The tedious challenging of Big Data is to store and retrieve of required data from the search engines.
Problem Defined
There is an obligation for the quick and efficient retrieval of useful ...information for the many organizations. The elementary idea is to arrange these computing files of organization into individual folders in an hierarchical order of folders. Manually, to order these files into folders, there is an ardent need to know about the file contents and name of the files to give impression of files, so that it provides an alignment of certain set of files as a bunch.
Problem Statement
Manual grouping of files has its own complications, for example when these files are in numerous amounts and also their contents cannot be illustrious by their labels.

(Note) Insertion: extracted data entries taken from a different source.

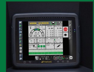
ISO-6 CONTROL SYSTEM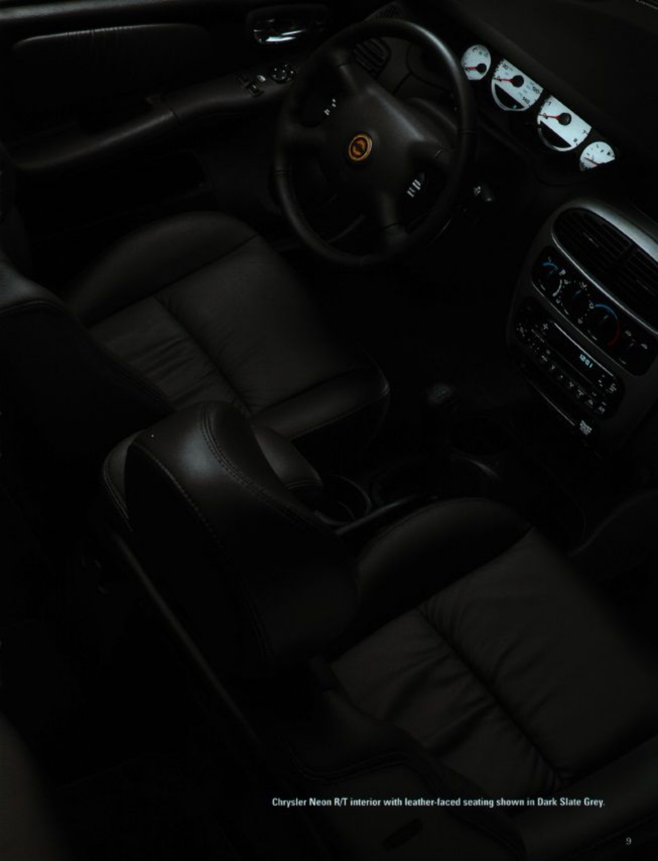
Chrysler Neon R/T interior with leather-faced seating shown in Dark Slate Grey.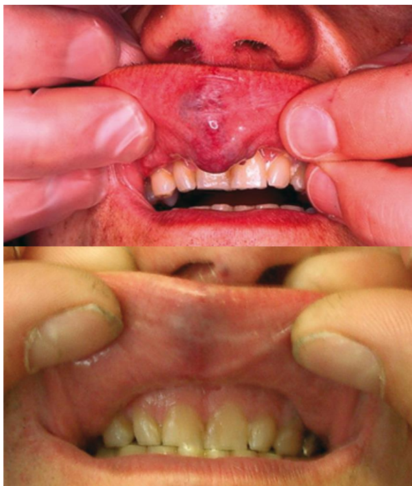
Photographs of a venous malformation of the labial mucosa treated by a laser session.

These techniques are not always offered, and when the venous malformation is not very bothersome or too difficult to access, we are content with simple monitoring.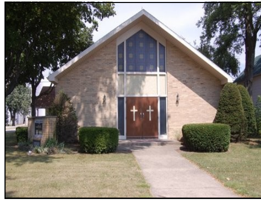
Immaculate Conception Catholic Mission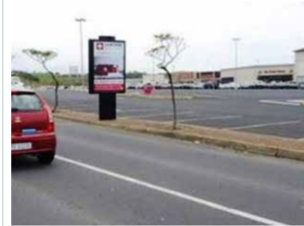
PAVE AD 3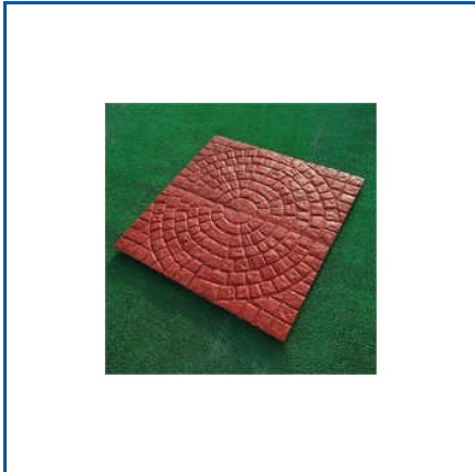
CIRCLE SHAPE INTERLOCKING PAVER

Therefore, it’s an intense requirement for Document clustering with data processing machines for enthusiastic results.
Existing System
A couple of analyzers are impending with dynamic algorithms and comprehensive analogy of extant algorithms, but, yet, these have been restricted to organizations and colleges. After recent updated rules of NMF their raised a self interest in document clustering. These rules gave trust in its performances with better results when compared to Latent Semantic Indexing with Singular Value Decomposition.
Proposed System
A new working miniature called Novel K-means Non-Negative Matrix Factorization (KNMF) is implemented using renovated guidelines of NMF which has been diagnosed for clustering documents consequently. A new data set called Newsgroup20 is considered for the exploratory purpose. Removal of common clutter/stop words using keywords from Key Phrase Extraction Algorithm and a new proposed Iterated Lovin stemming will be utilized in preprocessing step inassisting to KNMF. Compared to the Porter stemmer and Lovins stemmer algorithms, Iterative Lovins algorithm is providing 5% more reduction. 60% of the document terms are been minimized to root as remaining terms are already root words. Eventually, an appeal to these processes named “Progressive Text mining radical” is developed inlateral exertion of K-Means algorithm from the defined Apache Mahout Project which is used to analyze the performance of the MapReduce framework in Hadoop.

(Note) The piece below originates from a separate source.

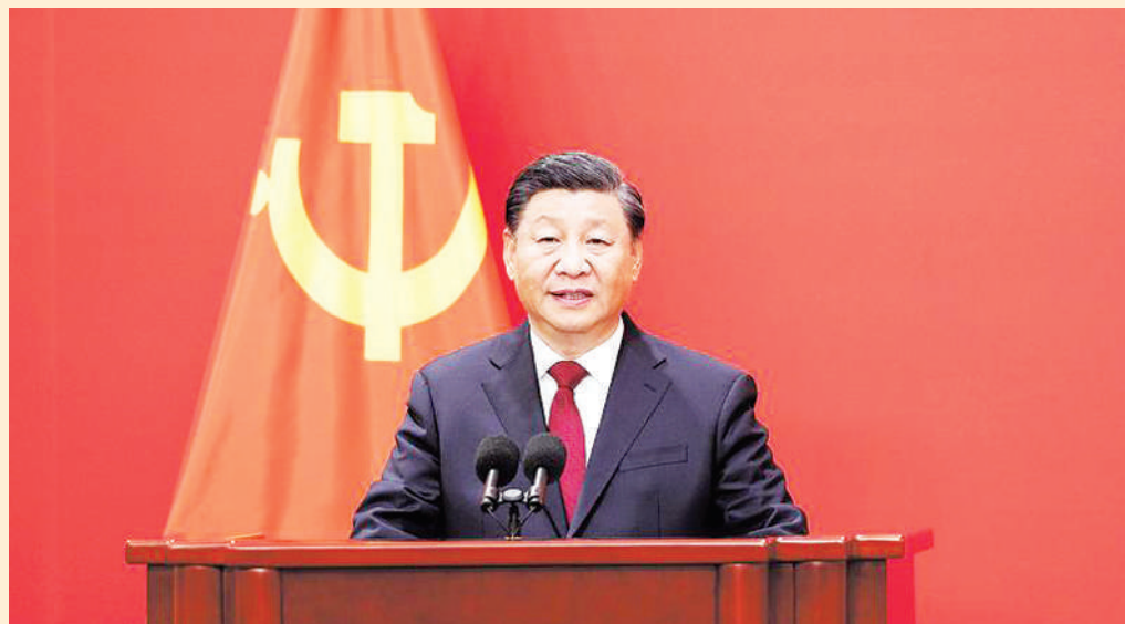
Xi Jinping, general secretary of the Central Committee of the Communist Party of China, delivers an important speech when meeting with the media on Sunday at the Great Hall of the People in Beijing with the other six newly elected members of the Standing Committee of the Political Bureau of the 20th CPC Central Committee.

He told China Daily that the economy will be crucial going

While the use of patent mapping tools is growing, the ‘black-box’ systems involved do not generally allow the user to interfere further than the preliminary retrieval of documents. Except, that is, ...for one thing: the stopword list, i.e. the list of ‘noise’ words to be ignored, which can be modified to one’s liking and dramatically impacts the final output and analysis. This paper invokes information science and computer science to provide clues for a better understanding of the stopword lists’ origin and purpose, and how they fit in the mapping algorithm. Further, it stresses the need for stopword lists that depend on the document corpus analyzed. Thus, the analyst is invited to add and remove stopwords—or even, in order to avoid inherent biases, to use algorithms that can automatically create ad hoc stopword lists.